Goal of the exercise:
What is needed is an exact transcription of every entry below, with the pictures left out.
---
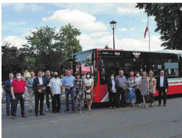
Od 1 września autobusy MPK Częstochowa pojadą do Mstowa. Bilet będzie kosztował 3,6 zł
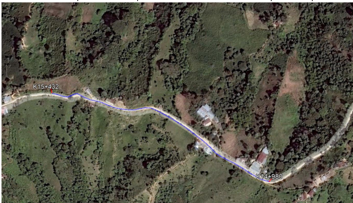
Localización detallada del tramo 1 de placa huella a intervenir el municipio de Venadillo 452 m.
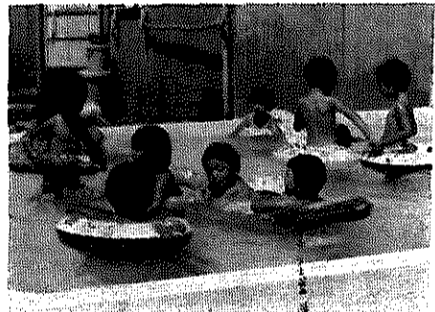
▶かっぱも顔まげ/水遊び

丈夫な子どもに育ててほしいとの父兄の願いから、古川保育園にプールが完成しました。プールは縦四・五、横三・四で、四日間の超突貫工事のこと。父兄の持ち寄り資材もとに、なれない手つきの勤務率仕づくりに思われたい、りっぱなできばえです。色とりどりのかわいらしい水着をつけ、小さな浮き袋を持つてはしゃぐ子どもたち。保育士の注意にうなずきながら炎天下に、元気がいっぱい水しぶきをあげて遊んでいます。
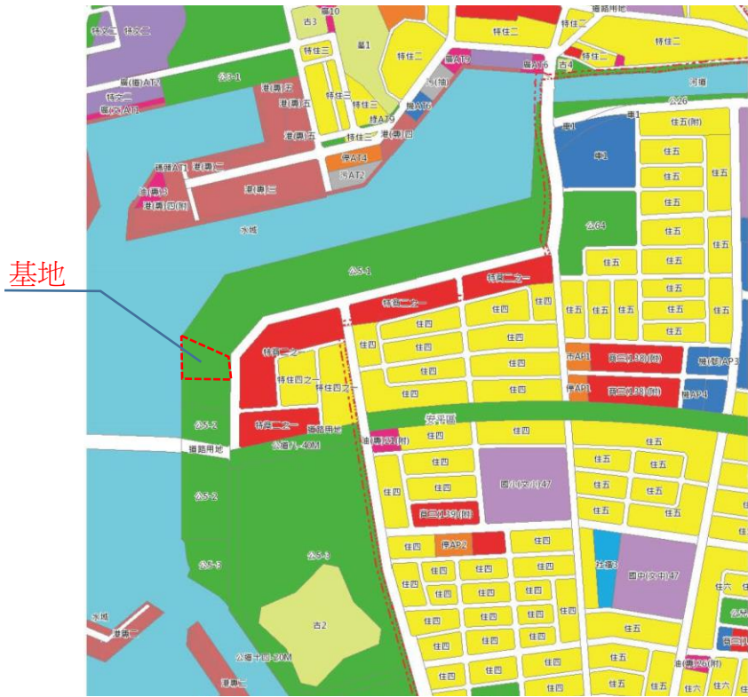
附圖 2 都市計畫圖
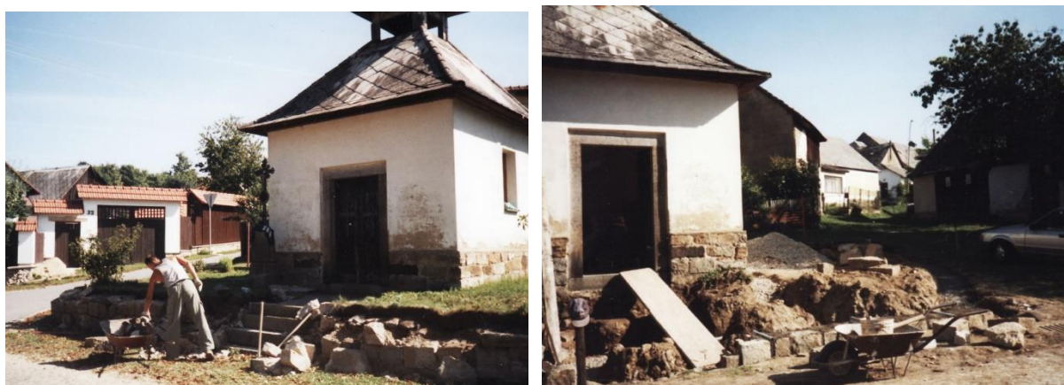
Práce na opravě kapličky v roce 2003
---
Written solution:
Od 1 września autobusy MPK Częstochowa pojadą do Mstowa. Bilet będzie kosztował 3,6 zł
Localización detallada del tramo 1 de placa huella a intervenir el municipio de Venadillo 452 m.
▶かっぱも顔まげ/水遊び

丈夫な子どもに育ててほしいとの父兄の願いから、古川保育園にプールが完成しました。プールは縦四・五、横三・四で、四日間の超突貫工事のこと。父兄の持ち寄り資材もとに、なれない手つきの勤務率仕づくりに思われたい、りっぱなできばえです。色とりどりのかわいらしい水着をつけ、小さな浮き袋を持つてはしゃぐ子どもたち。保育士の注意にうなずきながら炎天下に、元気がいっぱい水しぶきをあげて遊んでいます。
附圖 2 都市計畫圖
Práce na opravě kapličky v roce 2003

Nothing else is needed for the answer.